Before cytolytic therapy is initiated in patients with certain neoplastic diseases (eg, lymphoma, leukemia), treatment with rasburicase or allopurinol should be considered along with increasing urine flow by increasing oral or IV fluids to reduce urate crystalluria. Making the urine more alkaline (by giving oral or IV sodium bicarbonate or acetazolamide) has been recommended by some but is controversial because it may also induce urinary calcium phosphate precipitation and crystalluria, which may worsen AKI.

The renal vasculature is very sensitive to endothelin, a potent vasoconstrictor that reduces renal blood flow and glomerular filtration rate. Endothelin is implicated in progressive renal damage, and endothelin receptor antagonists have successfully slowed or even halted experimental renal disease. Antiendothelin antibodies and endothelin-receptor antagonists are being studied to protect the kidney against ischemic AKI.

• Causes of AKI can be prerenal (eg, kidney hypoperfusion), renal (eg, direct effects on the kidney), or postrenal (eg, urinary tract obstruction distal to the kidneys).

• With AKI, consider ECF volume depletion and nephrotoxins, obtain urinary diagnostic indices and measure bladder residual volume to identify obstruction.

• Avoid using iodinated IV contrast in imaging studies.

• Initiate hemodialysis or hemofiltration as needed for pulmonary edema, hyperkalemia, metabolic acidosis, or uremic symptoms unresponsive to other treatments.

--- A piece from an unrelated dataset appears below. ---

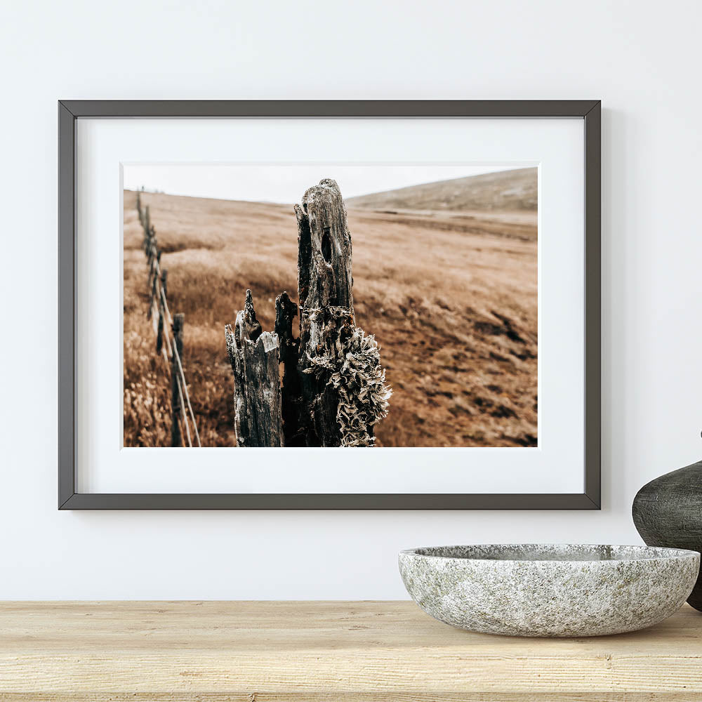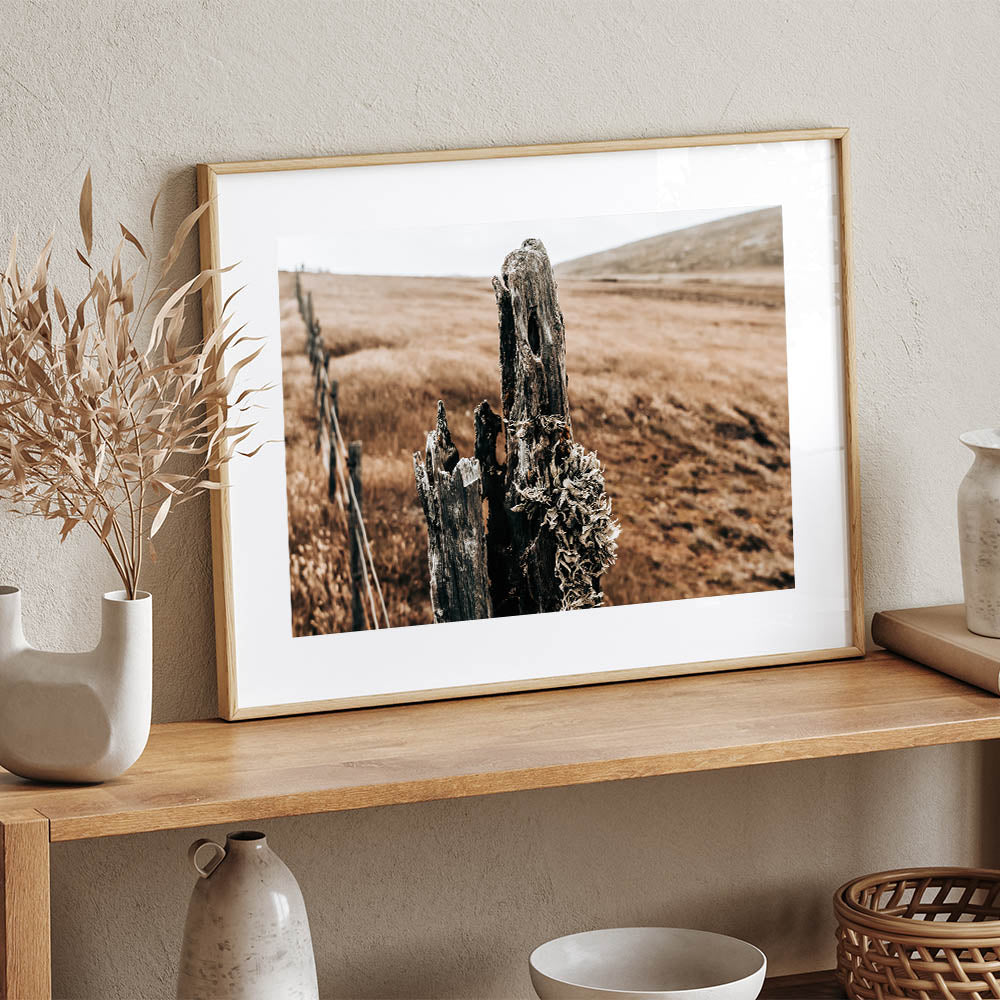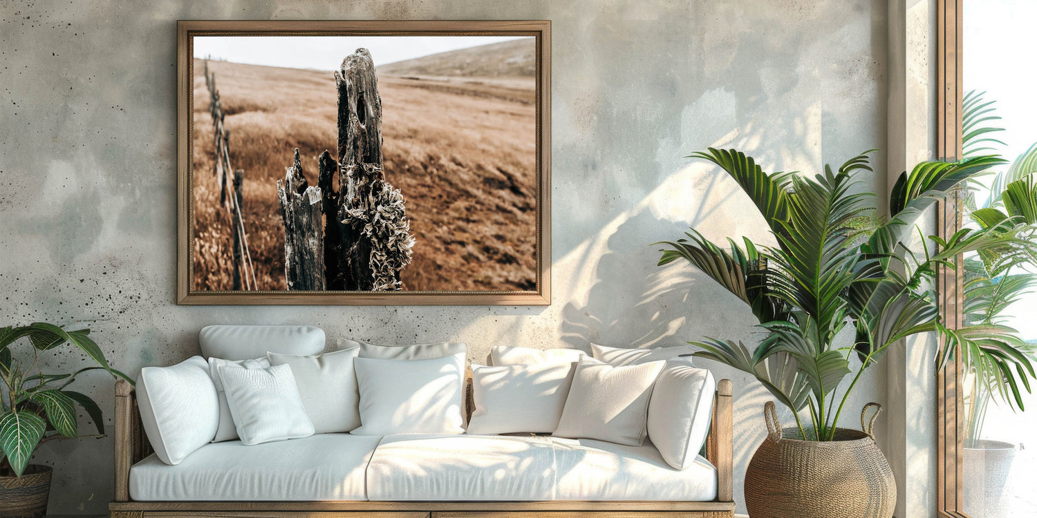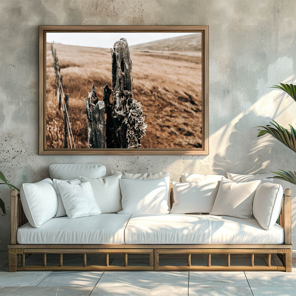 Add a touch of rustic charm to your home with this farmhouse wall art featuring a beautifully weathered wooden fence post in a vast, open field. The worn texture of the wood, combined with the earthy tones of the surrounding landscape, evokes the quiet beauty of rural life. This artwork captures the essence of vintage farmhouse aesthetics, making it a perfect addition to any home with a rustic or country-inspired decor.
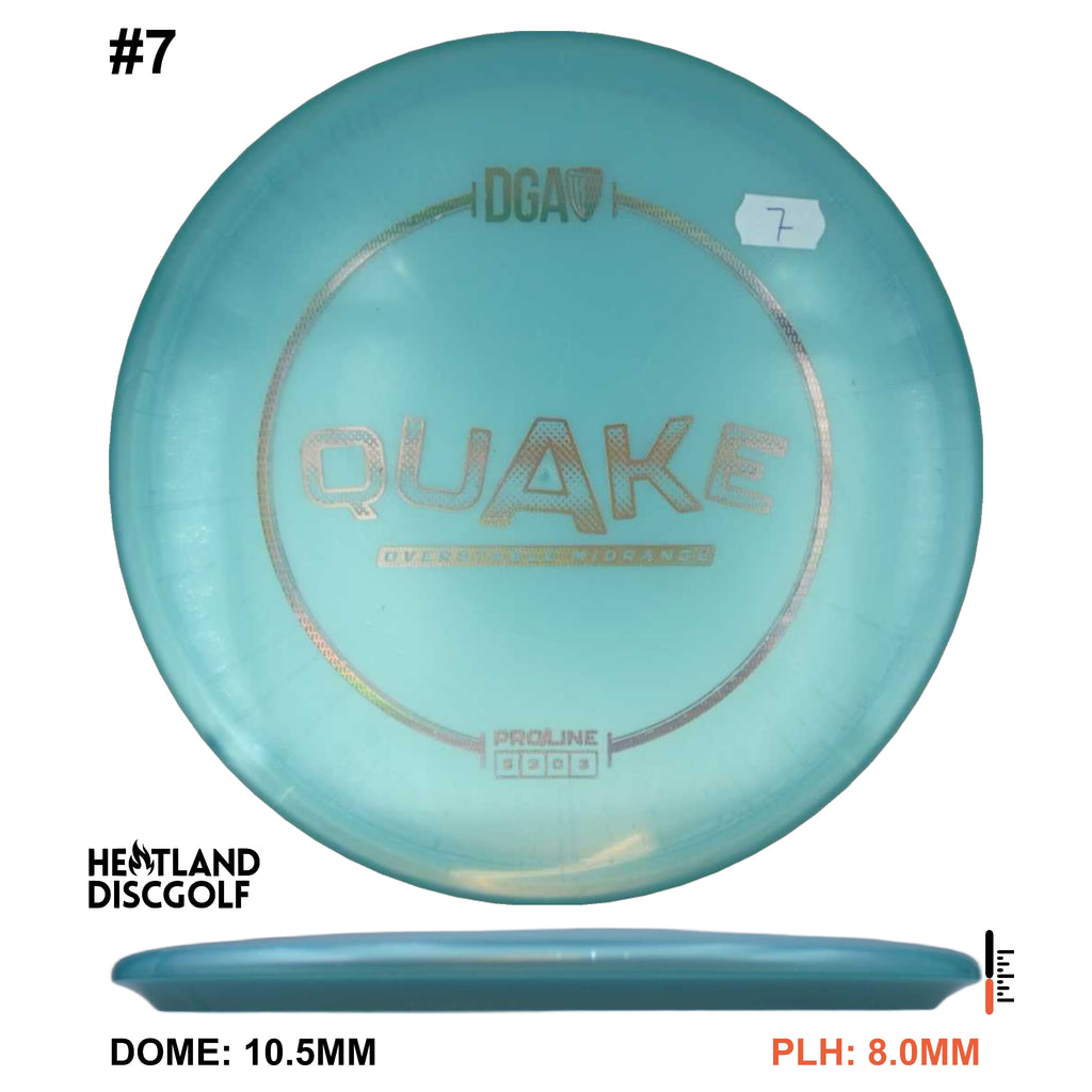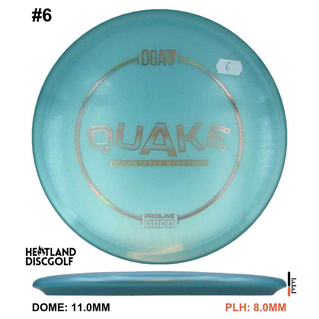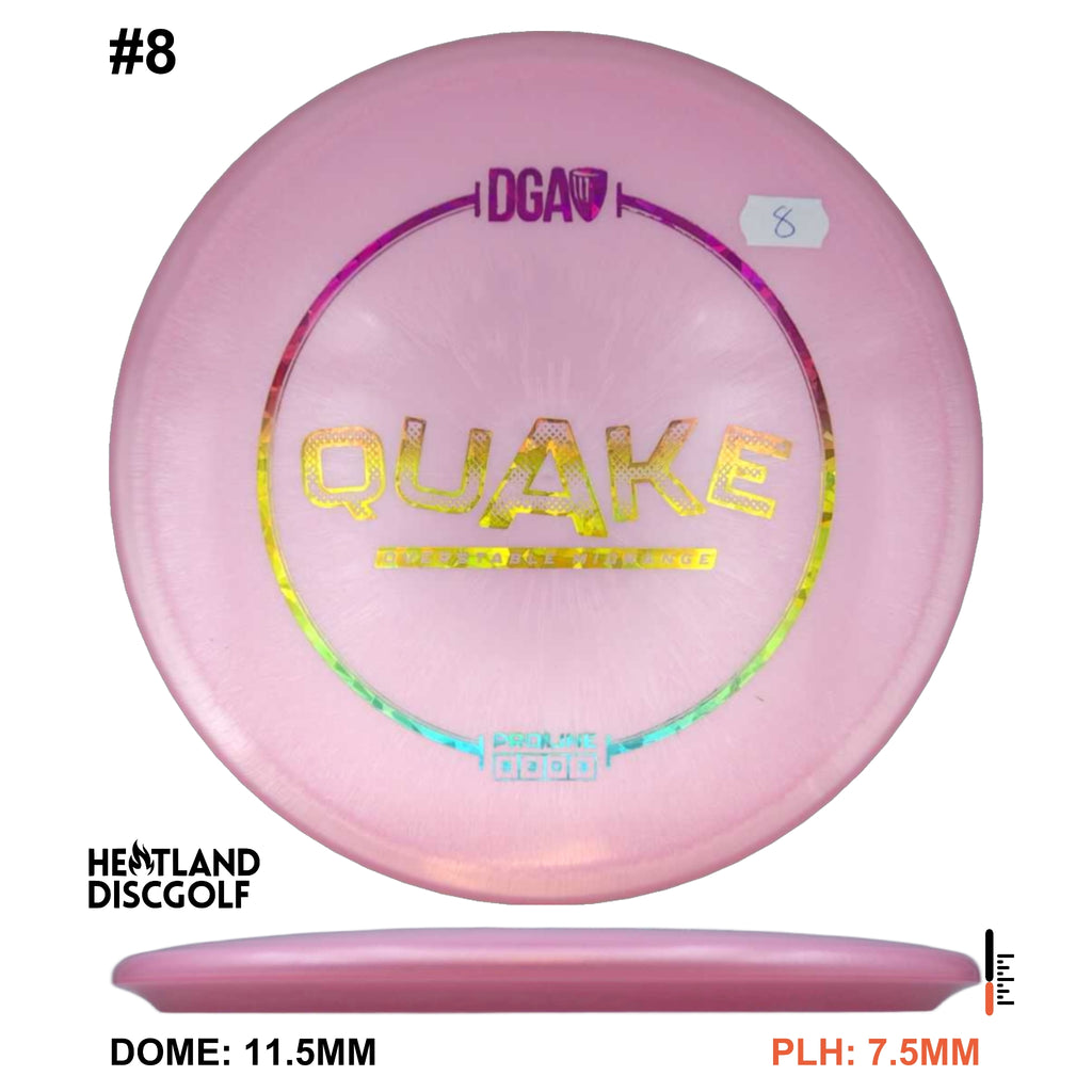The DGA Quake is an overstable midrange with a flat-top that brings confidence in all wind conditions. With a comfortable feel in the hand and reliable fade, it can be great for both backhand and forehand throws.

• Minimize risk of AKI in patients at risk by maintaining normal fluid balance, avoiding nephrotoxins (including iodinated intravenous contrast agents) when possible, and taking precautions such as giving fluids or drugs when contrast or cytolytic therapy is necessary.

Which disorder is a Postrenal cause of acute kidney injury?

Which condition can cause rhabdomyolysis Eno?

Which clinical manifestation of acute kidney injury may cause changes in an electrocardiogram?

Which is the main electrolyte disturbance in rhabdomyolysis?